Prompt> Return each line of the data below verbatim; pictures are to be left out.

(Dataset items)
* * * * *

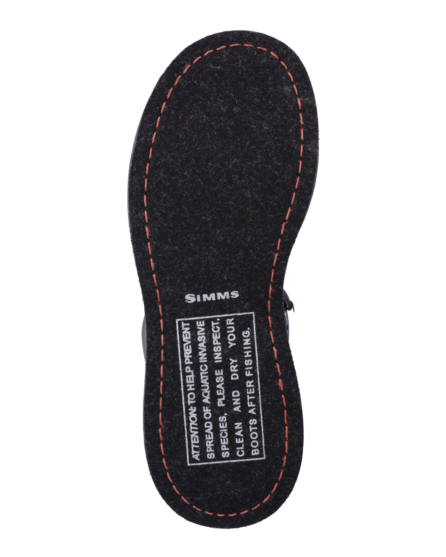 - 12mm felt outsole is fully compatible with Simms Hardbite Felt Studs
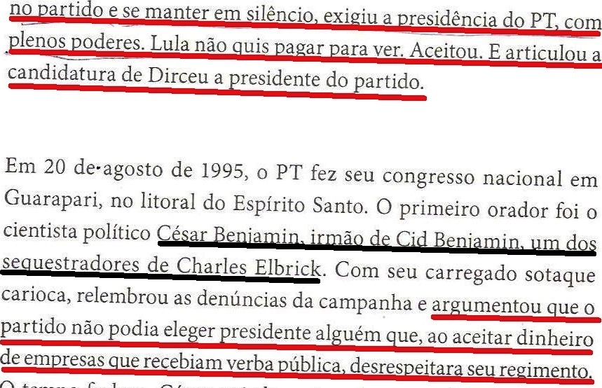 Explicando: o PT tinha o grande capital como inimigo e não aceitava doações de banco nem empreiteira… Continuando o filme que você parece játer visto, leitor:
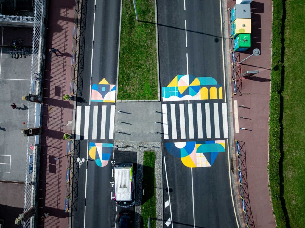 Sur un petit tronçon de la place, un motif a volontairement été laissé vide, pour que les enfants puissent venir le colorier à la craie. Une manière de leur permettre de s’approprier la place, de s’exprimer librement sur le domaine public, à travers l’art.
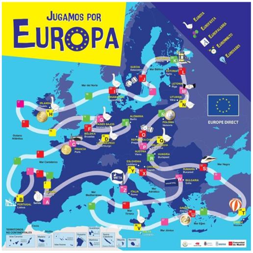 Un juego de mesa creado de manera conjunta por los Europe Direct de Lugo, Cantabria, Asturias, Segovia y Comunidad de Madrid.
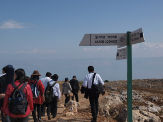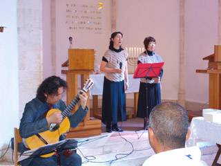 当日ガリラヤ湖畔で自転車レースがあり、道路は通行止めで、車が午前10時半まで動けない状態でしたが、なんとか礼拝には間に合いました。 |
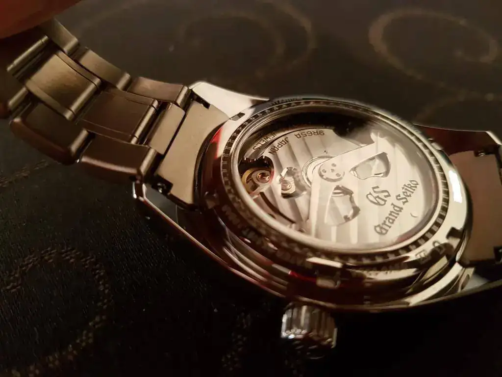 No se aprecia muy bien en la foto, pero en el zafiro posterior está grabado el logo de Grand Seiko
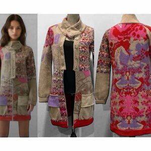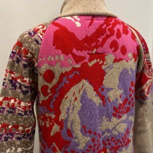 You found it. This is the coziest luxurious wool coat that features a unique patchwork design combining beige, pink, red, and purple lambswool knit. SUPER SOFT and stylish.
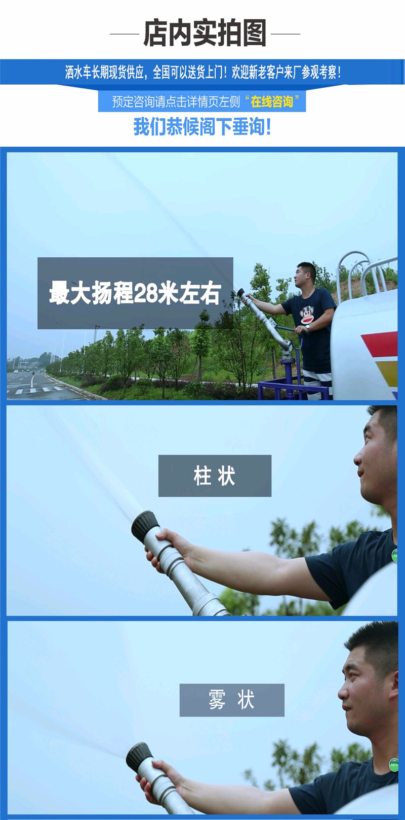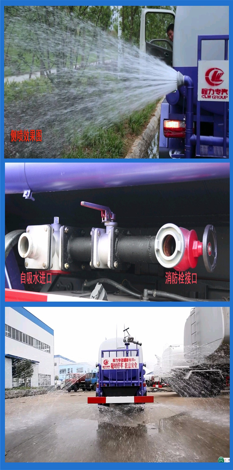 東風小多利卡5噸灑水車,采用東風原廠底盤,朝柴102馬力發動機或玉柴115馬力發動機,萬里揚5檔變速箱,7.00R16鋼絲胎;帶前沖、后灑、左右側噴水,帶后工作平臺、平臺上安裝綠化灑水高炮(炮噴射形狀可連續調節:直沖、大雨、中雨、毛毛雨,可360°旋轉),配消防接口,自流閥,濾網,帶專用灑水泵具有自吸自排功能;灑水寬度≧14-16米,射程≧28米,罐體采用優質碳鋼制作。帶2根吸水管,音樂喇叭,視水管;隨車文件:整車合格證、底盤合格證、上戶發票、保修手冊、免征圖冊和整車說明書; |
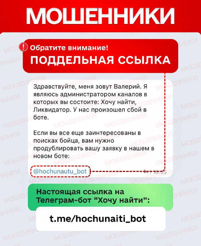 #мошенники ❗️ВНИМАНИЕ, МОШЕННИКИ! Часть 16: Мошенники шлют в личку поддельные ссылки чат-бота проекта “Хочу найти” Отмечены случаи, когда участникам сообщества проекта «Хочу найти» в «личку» пишут
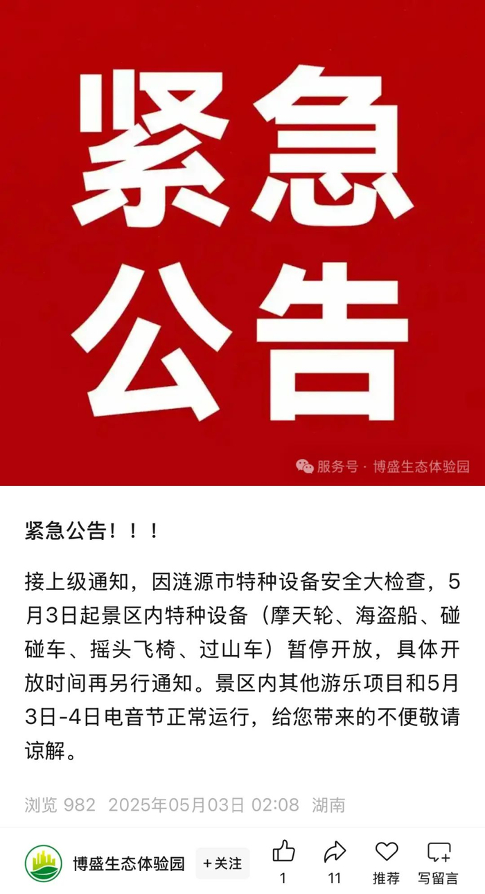 5月3日凌晨,涉事的博盛生态园在公众号发布紧急公告:接上级通知,因涟源市特种设备安全大检查,5月3日起景区内特种设备(摩天轮、海盗船、碰碰车、摇头飞椅、过山车)暂停开放,具体开放时间再另行通知。
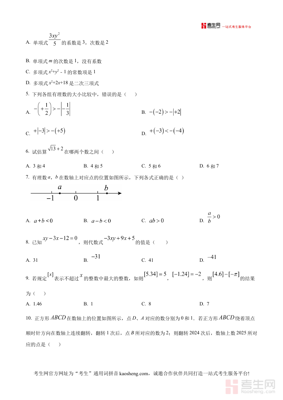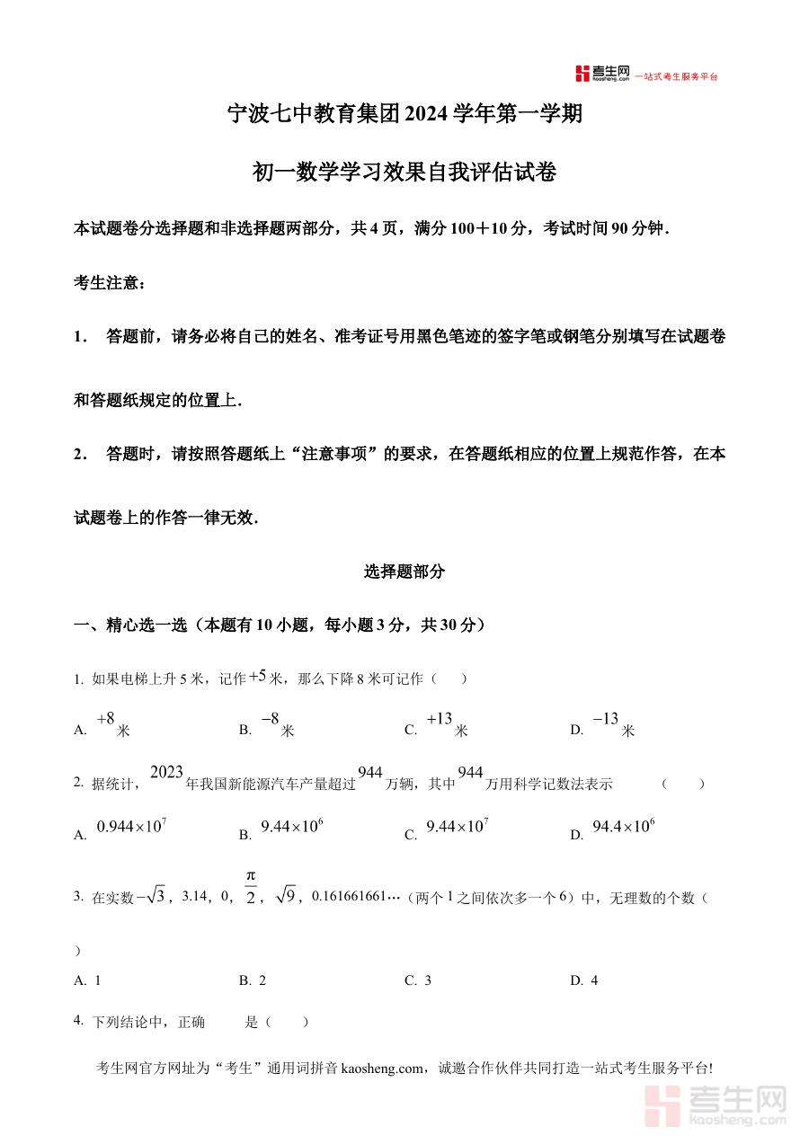 《精品解析:浙江省宁波七中教育集团2024—2025学年上学期七年级数学期中试题(原卷版)》是针对浙江省宁波七中教育集团2024至2025学年第一学期七年级数学期中考试的备考资料,聚焦该阶段数学学科的期中检测需求,为使用者提供与实际考试题型、结构相匹配的原卷内容参考。
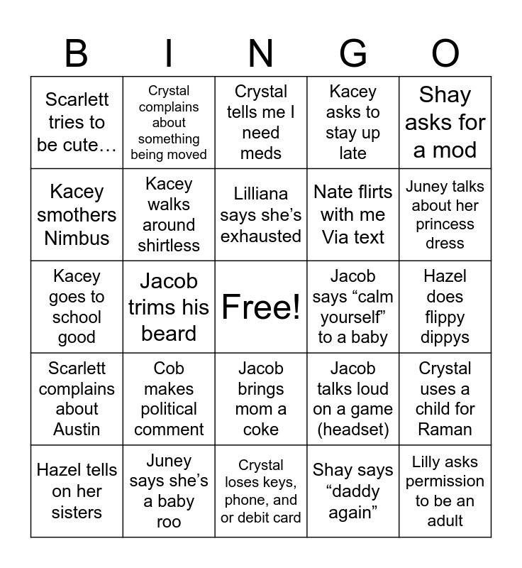 This bingo card has a free space and 24 words: Cob makes political comment, Juney says she’s a baby roo, Lilliana says she’s exhausted, Hazel tells on her sisters, Shay asks for a mod, Scarlett tries to be cute…, Kacey smothers Nimbus, Crystal complains about something being moved, Jacob says “calm yourself” to a baby, Jacob brings mom a coke, Nate flirts with me Via text, Kacey goes to school good, Jacob talks loud on a game (headset), Crystal uses a child for Raman, Kacey walks around shirtless, Shay says “daddy again”, Hazel does flippy dippys, Crystal tells me I need meds, Juney talks about her princess dress, Jacob trims his beard, Lilly asks permission to be an adult, Scarlett complains about Austin, Kacey asks to stay up late and Crystal loses keys, phone, and or debit card.

* * * * *

Exercise response>
 - 12mm felt outsole is fully compatible with Simms Hardbite Felt Studs
 Explicando: o PT tinha o grande capital como inimigo e não aceitava doações de banco nem empreiteira… Continuando o filme que você parece játer visto, leitor:
 Sur un petit tronçon de la place, un motif a volontairement été laissé vide, pour que les enfants puissent venir le colorier à la craie. Une manière de leur permettre de s’approprier la place, de s’exprimer librement sur le domaine public, à travers l’art.
 Un juego de mesa creado de manera conjunta por los Europe Direct de Lugo, Cantabria, Asturias, Segovia y Comunidad de Madrid.
 当日ガリラヤ湖畔で自転車レースがあり、道路は通行止めで、車が午前10時半まで動けない状態でしたが、なんとか礼拝には間に合いました。 |
 No se aprecia muy bien en la foto, pero en el zafiro posterior está grabado el logo de Grand Seiko
 You found it. This is the coziest luxurious wool coat that features a unique patchwork design combining beige, pink, red, and purple lambswool knit. SUPER SOFT and stylish.
 東風小多利卡5噸灑水車,采用東風原廠底盤,朝柴102馬力發動機或玉柴115馬力發動機,萬里揚5檔變速箱,7.00R16鋼絲胎;帶前沖、后灑、左右側噴水,帶后工作平臺、平臺上安裝綠化灑水高炮(炮噴射形狀可連續調節:直沖、大雨、中雨、毛毛雨,可360°旋轉),配消防接口,自流閥,濾網,帶專用灑水泵具有自吸自排功能;灑水寬度≧14-16米,射程≧28米,罐體采用優質碳鋼制作。帶2根吸水管,音樂喇叭,視水管;隨車文件:整車合格證、底盤合格證、上戶發票、保修手冊、免征圖冊和整車說明書; |
 #мошенники ❗️ВНИМАНИЕ, МОШЕННИКИ! Часть 16: Мошенники шлют в личку поддельные ссылки чат-бота проекта “Хочу найти” Отмечены случаи, когда участникам сообщества проекта «Хочу найти» в «личку» пишут
 5月3日凌晨,涉事的博盛生态园在公众号发布紧急公告:接上级通知,因涟源市特种设备安全大检查,5月3日起景区内特种设备(摩天轮、海盗船、碰碰车、摇头飞椅、过山车)暂停开放,具体开放时间再另行通知。
 《精品解析:浙江省宁波七中教育集团2024—2025学年上学期七年级数学期中试题(原卷版)》是针对浙江省宁波七中教育集团2024至2025学年第一学期七年级数学期中考试的备考资料,聚焦该阶段数学学科的期中检测需求,为使用者提供与实际考试题型、结构相匹配的原卷内容参考。
 This bingo card has a free space and 24 words: Cob makes political comment, Juney says she’s a baby roo, Lilliana says she’s exhausted, Hazel tells on her sisters, Shay asks for a mod, Scarlett tries to be cute…, Kacey smothers Nimbus, Crystal complains about something being moved, Jacob says “calm yourself” to a baby, Jacob brings mom a coke, Nate flirts with me Via text, Kacey goes to school good, Jacob talks loud on a game (headset), Crystal uses a child for Raman, Kacey walks around shirtless, Shay says “daddy again”, Hazel does flippy dippys, Crystal tells me I need meds, Juney talks about her princess dress, Jacob trims his beard, Lilly asks permission to be an adult, Scarlett complains about Austin, Kacey asks to stay up late and Crystal loses keys, phone, and or debit card.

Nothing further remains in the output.